Valentine’s Day, the event, evokes responses ranging from love to hate. It is often held in contempt by the ultra-sophisticated and the partner-less, which are two groups that can overlap. They dismiss the day as a merchandising hook for purveyors of chocolate, flowers or heart-shaped anything — and a shot-in-the-arm for restaurateurs on a (preferably) non-weekend night. (Is that so bad?)
One reason to like Valentine’s Day is that it’s an occasion for which people get dressed up. One reason to dislike Valentine’s Day is that only the women get dressed up. This is a generalization, I know, but go to a nice restaurant and observe the ladies in sparkles and manicures and their male partners in un-pressed jeans, their shirts hanging out.
The men’s refusal to “make an effort” could be a power thing. But slob dressing may also reflect immaturity — or its mirror image, senility. A resident at an assisted living facility complained to me that she and the other women turn up for dinner carefully dressed and groomed, while many of the old men shuffle in looking like bums. (The home has a rule forbidding pajamas in the dining room.)
Some women may choose to forego the Valentine’s Day indignities this Sunday and instead escape into the mannerly sanctuary of “Downton Abbey.” It’s not that all those men behave well. Some are monsters in white ties, one having abandoned a bride at the altar. But they dress according to high standards. If they didn’t, they’d never have gotten far enough with a lady to play the cad.
And do note that the upper-class requirements for formal dress and exquisite tailoring aren’t all about putting on the dog. They are also about showing respect for those around them.

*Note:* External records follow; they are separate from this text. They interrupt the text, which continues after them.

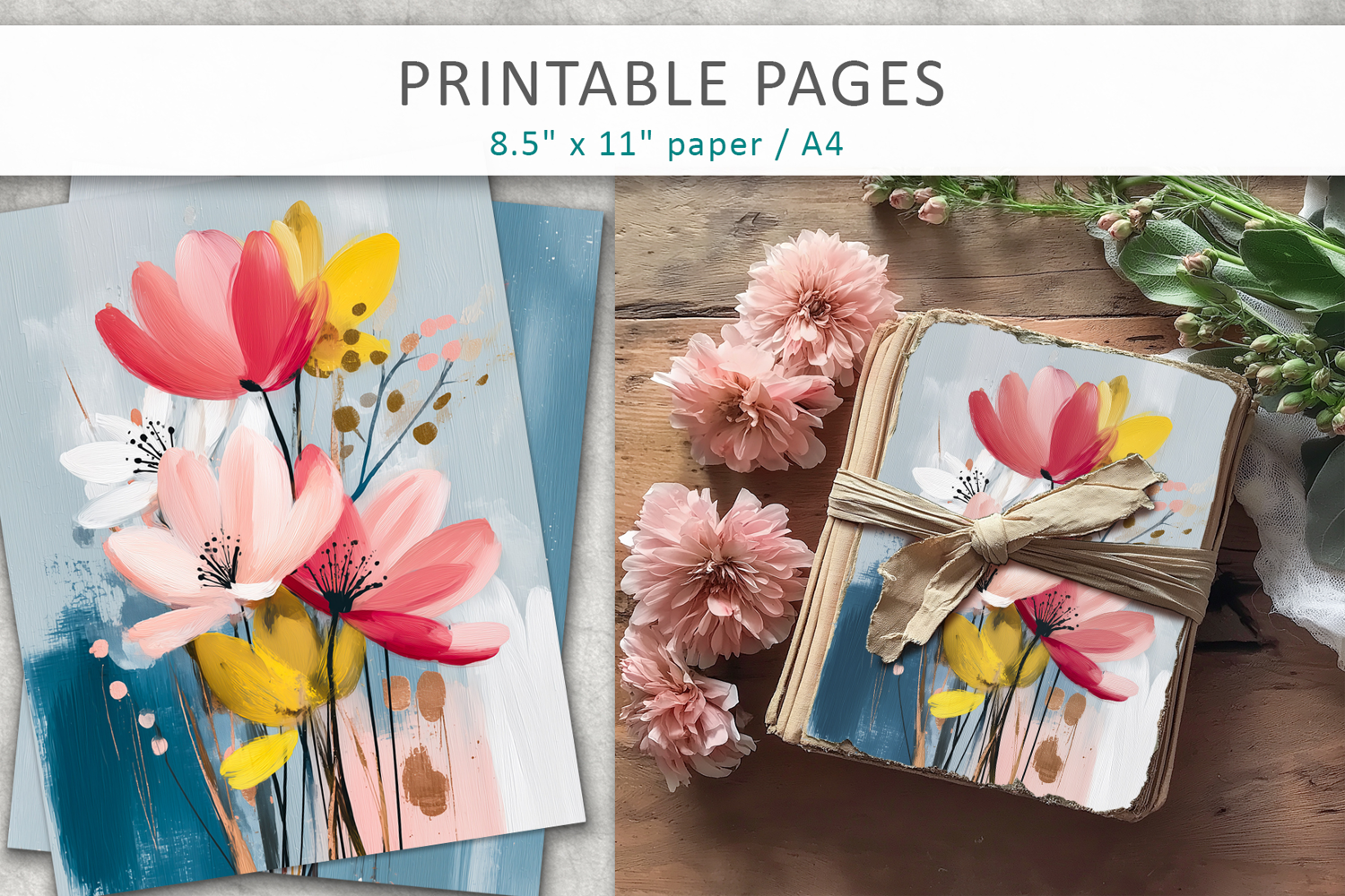 This unique digital collection features artistic printable pages created in a modern painterly collage style. Each illustration is made using expressive brush textures and vibrant paint strokes, creating a bold and contemporary artistic look.
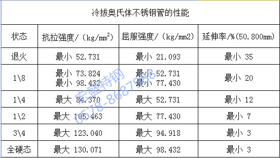 由于冷加工引起的加工硬化,就意味著在隨后成型加工要進行回火處理。所以回火對成型加工方法和費用由著直接的影響。人們都知道,當金屬接近或低于室溫變形時,就會產生硬化,使金屬材料的強度和硬度增高。實際上,并不是所有的不銹鋼鋼管都能進行希望的成型加工的。如鐵素體400系列不銹鋼管,在冷加工時,只能有較小的變形量,否則就會發生突然破壞或開裂。像430和446不銹鋼管真身就有缺口敏感性,因此它們的供貨狀態應為退火狀態。當必須對它們進行成型加工時,必須進行回火處理。硬化馬氏體鋼也是以退火狀態供貨,否則這些鋼種就是以常化加固化,或者以淬火加固化狀態交貨。然而奧氏體不銹鋼管,它們能在較大的冷加工硬度范圍供貨。下標列出了與奧氏體300系不銹鋼管各種回火有關的機械性能,并不是所有尺寸和鋼種的奧氏體不銹鋼鋼管在回火后都可以加工成型。含合金量較少的201、202、301、302、304等鋼種非常適合冷拔;對于合金含量較高、冷加工硬化速率低的鋼種,并沒有廣泛地用于生產大于1/2冷作硬化狀態的回火產品。305、316、317和310鋼屬于后一類。隨著鎳含量的增加,加工硬化的趨勢就會減輕。
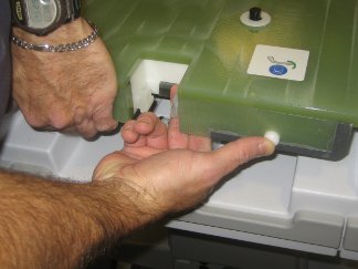 - Person 1: Standing at the foot end of the table, depress the dock pedal to lower the cradle latch block (B).
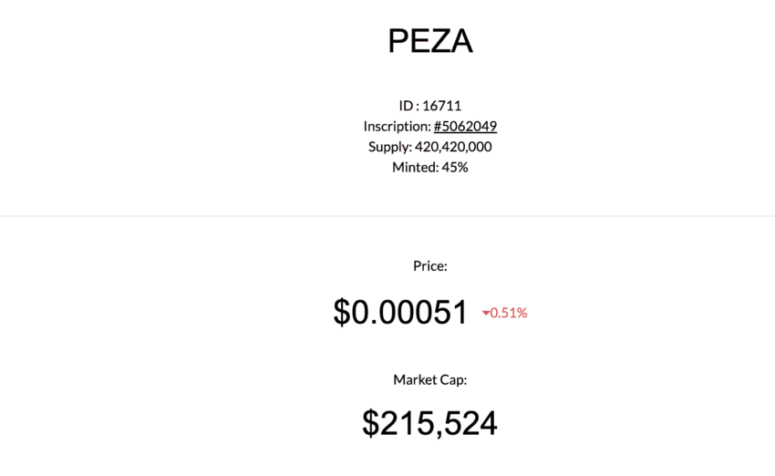 Aqui está um token PEZA com uma oferta total de 420,42 milhões. Desse total, apenas 45% foram cunhados, possibilitando a cunhagem de novos tokens BRC-20.

In 2016, let us salute men of all generations who still have the class to wear at least a jacket to a romantic dinner.
Those worried about not seeming hip, meanwhile, should be mindful of this: dressing like a slob has become conformist, and he who resists may be in the vanguard of something beyond cool: “normcore.”
According to Urban Dictionary, normcore is “a post-ironic anti-fashion, ‘purposely uncool’ trend by hipsters in an attempt to pull away from the subculture (fashions) that were becoming commercialized and popular.” In sum, “normcore is quickly becoming a legitimate fashion trend.”
That brings up an intriguing aspect of the modern Valentine’s Day — that is, how many gay and lesbian couples faithfully observe the celebration and with great style. This may be an effort to feel part of a mainstream in which heterosexuality remains the norm. In any case, the gay community freshens up the tradition.
Speaking of which, Hallmark, the Kansas City-based arbiter of greeting card sentiments, has come up with a very diverse Valentine’s Day video. It tells the love stories of, among others, a lesbian couple and an interracial one, holding back none of the mush. A Hallmark spokeswoman said the company received a few gripes about the spot but most viewers reacted positively to it.
What one can love about Valentine’s Day is it can be as high- or low-impact as participants choose. It can be a night spent on the town or by candlelight at home, or it can be totally ignored. And by Feb. 15, it’s over.